Showcasing your creative work
For copywriters, the portfolio is not supplementary - it is the primary evaluation tool. Creative directors will often open your portfolio before reading a single line of your resume. A weak portfolio with a strong resume loses to a strong portfolio with a minimal resume every time.
Structure your portfolio around 8–12 pieces that demonstrate both breadth and depth. Include at least one example from each copy type you claim (brand campaign, email, landing page, UX, social). For each piece, provide context: the brief, your role, the creative challenge, and the measurable outcome. Raw copy alone is not enough - showing the thinking behind the words is what distinguishes a senior copywriter.
For digital work, include screenshots or live links alongside performance data. A landing page that converted at 8.2% is more compelling when a hiring manager can see the actual page. For brand campaigns, include the final execution (print, OOH, video still) alongside the copy. Presentation quality matters - a well-designed portfolio page signals that you understand how copy and design work together.
Mistakes to avoid
No portfolio link. For copywriters, this is an automatic disqualification at most companies and agencies. Your resume describes your work, but the portfolio proves it. Without a link, hiring managers will assume you do not have published work worth sharing.
Vague copy on a copywriter resume. The irony of weak writing on a resume for a writing role is immediately noticed by creative directors.
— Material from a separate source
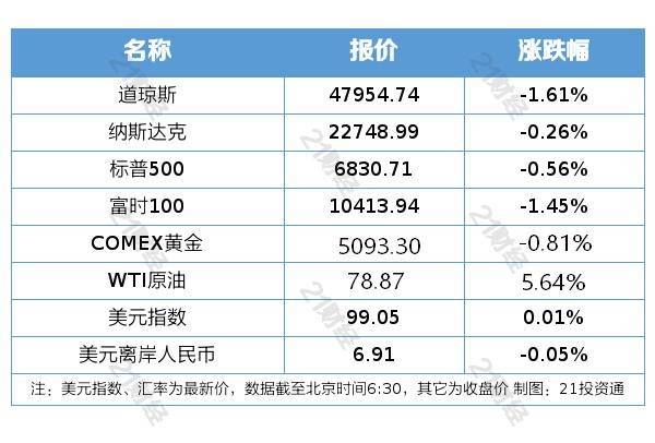 隔夜外盘纽约股市三大股指3月5日下跌。截至当天收盘,道琼斯工业平均指数比前一交易日下跌784.67点,收于47954.74点,跌幅为1.61%;标准普尔500种股票指数下跌38.79点,收于6830.71点,跌幅为0.56%;纳斯达克综合指数下跌58.49点,收于22748.99点,跌幅为0.26%。

Every bullet point is evaluated as a writing sample, so generic phrases like “participated in brainstorming sessions” or “helped with campaign development” undermine your credibility.
Focusing on process, not outcomes. “Participated in brainstorming sessions” is process. “Wrote campaign copy viewed 50M+ times” is an outcome. Hiring managers want to see what your copy achieved, not what meetings you attended.
Not distinguishing copy types. Brand copywriting and performance copywriting require different skills. A resume that lumps them together makes it impossible for the hiring manager to assess your fit for a specific role.
Frequently asked questions
Do I need an advertising portfolio program degree?
It’s not required, but programs like VCU Brandcenter, Miami Ad School, and The Creative Circus are strong signals for agency roles. For in-house performance copywriting, a strong portfolio and results matter more than the degree.
How do I show my copy is effective?
Include conversion metrics: email open rates, click-through rates, landing page conversion rates, and A/B test results. For brand copy, reference awards, media impressions, and campaign reach.
Agency or in-house - which should I emphasize?
Tailor to the role. For agency applications, lead with agency experience, client credits, and creative awards. For in-house roles, lead with brand consistency, conversion metrics, and cross-functional collaboration.